BEGIN Data under study
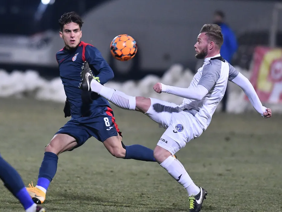Marco Alexandru Dulca si Mathieu Thibault Gaetan Moulin in meciul de fotbal dintre Chindia Targoviste si Academica Clinceni, contand pentru Liga 1 Casa Pariurilor, desfasurat pe Stadionul central al Centrului National de Fotbal de la Buftea, vineri 22 ianuarie 2021. © FOTO:Razvan Pasarica/SPORT PICTURES
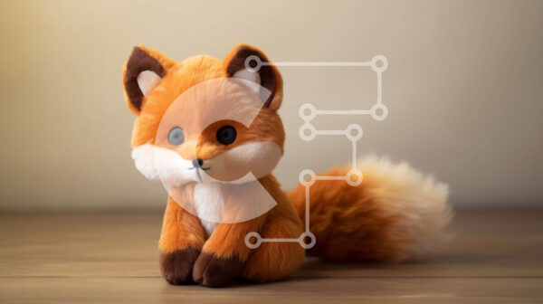Intra Συλλεκτικό Ξύλινο Παζλ Plywood 4mm – Πορτοκαλί γεμιστή αλεπού σε ξύλινο τραπέζι Σε Ξύλινο Κουτί – Διαστάσεις: 10×10 cm – 25 κομμάτια
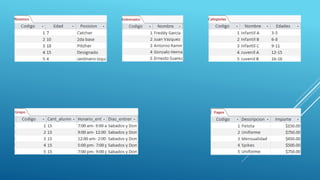 La liga infantil de béisbol contrató a una empresa para sistematizar su información. La liga se organiza en categorías por edad, cada categoría tiene grupos. Los grupos pertenecen a una categoría y son entrenados por un profesor. Los alumnos se inscriben en un grupo y los pagos son realizados por alumnos. Se debe diseñar una base de datos en Access para almacenar esta información sobre categorías, grupos, profesores, alumnos y pagos.
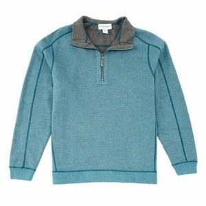 NEW WITH TAGS. From Tommy Bahama Big and Tall, this pullover features: Ribbed mock neckline with quarter-zip placket, Long sleeves with ribbed cuffs, Ribbed hem, Reversible, Yarn-dyed, Cotton/Lyocell slub, Machine wash. COLOR: Sea Mist and Heather
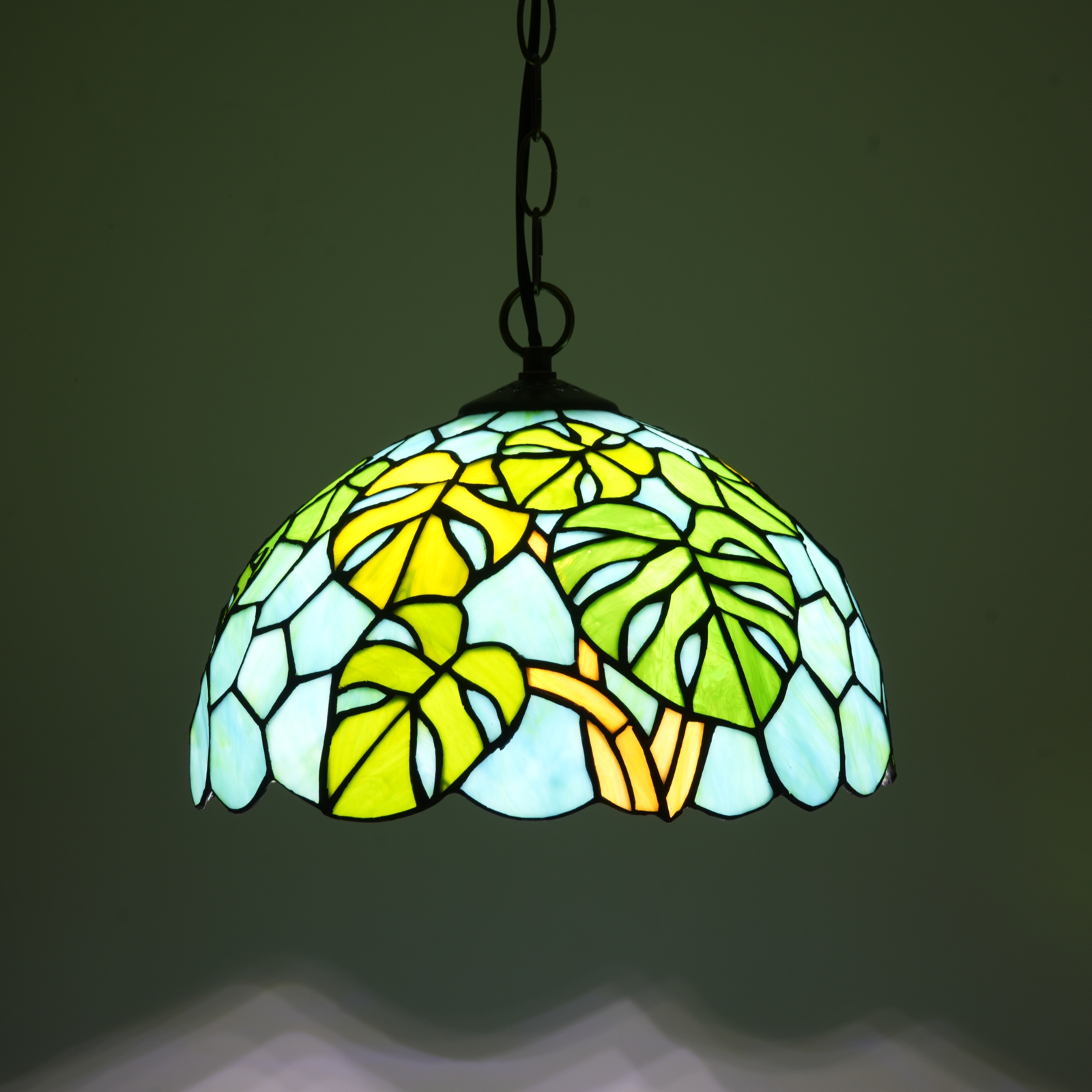 Blivuself Tiffany Style Handmade Creative Stained Glass Chandelier 12 Inch Green Turtle Back Bamboo Adapted To The Bedroom Dormitory Living Room Dining Room Traditional Retro Style Home Decoration Classical Art OFP1372
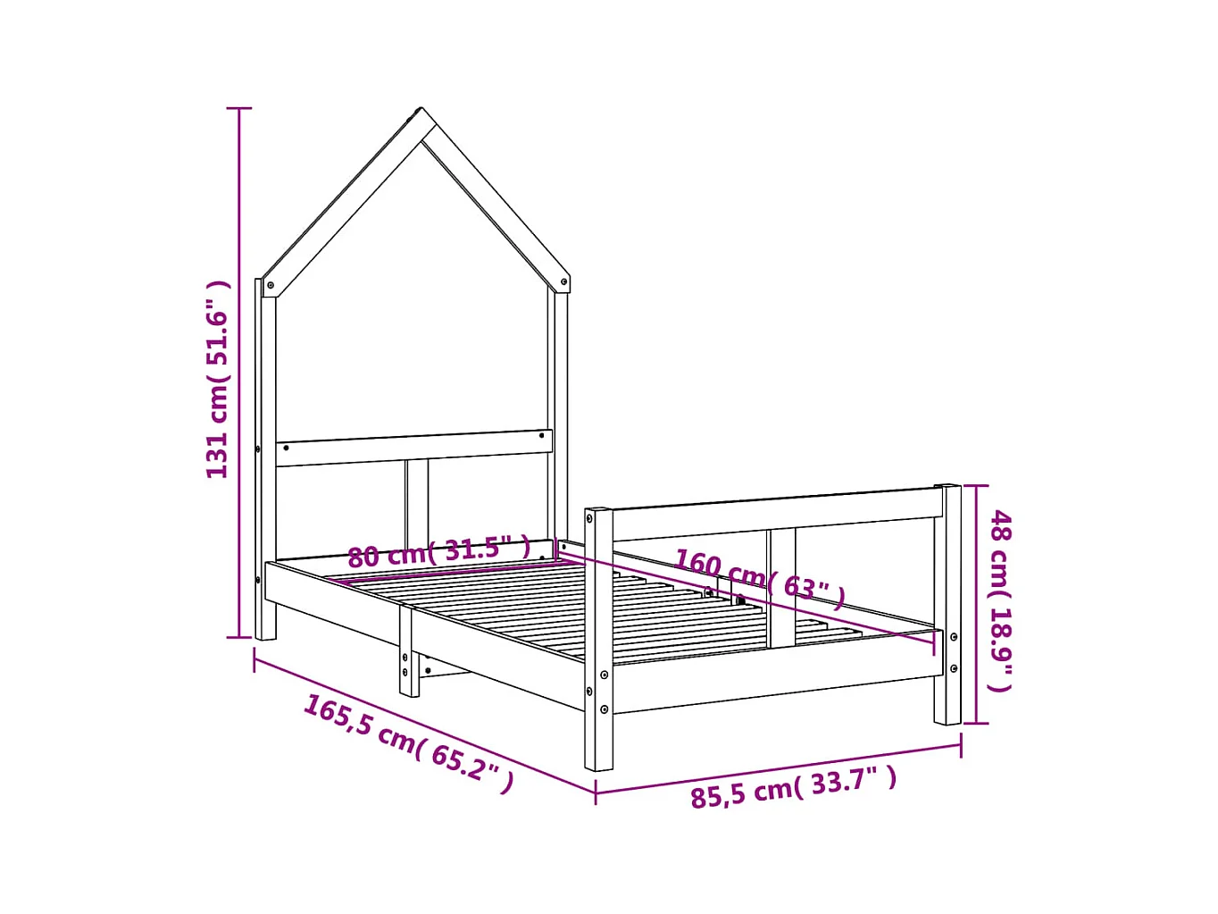 Kinderbett Schwarz 80x160 cm Massivholz Kiefer
END Data under study
▶ Work instructions
Give back, word for word, the lines from the one with "Blivuself Tiffany Style" to the end of the records above, and no pictures.

▶ Output of the exercise
 Blivuself Tiffany Style Handmade Creative Stained Glass Chandelier 12 Inch Green Turtle Back Bamboo Adapted To The Bedroom Dormitory Living Room Dining Room Traditional Retro Style Home Decoration Classical Art OFP1372
 Kinderbett Schwarz 80x160 cm Massivholz Kiefer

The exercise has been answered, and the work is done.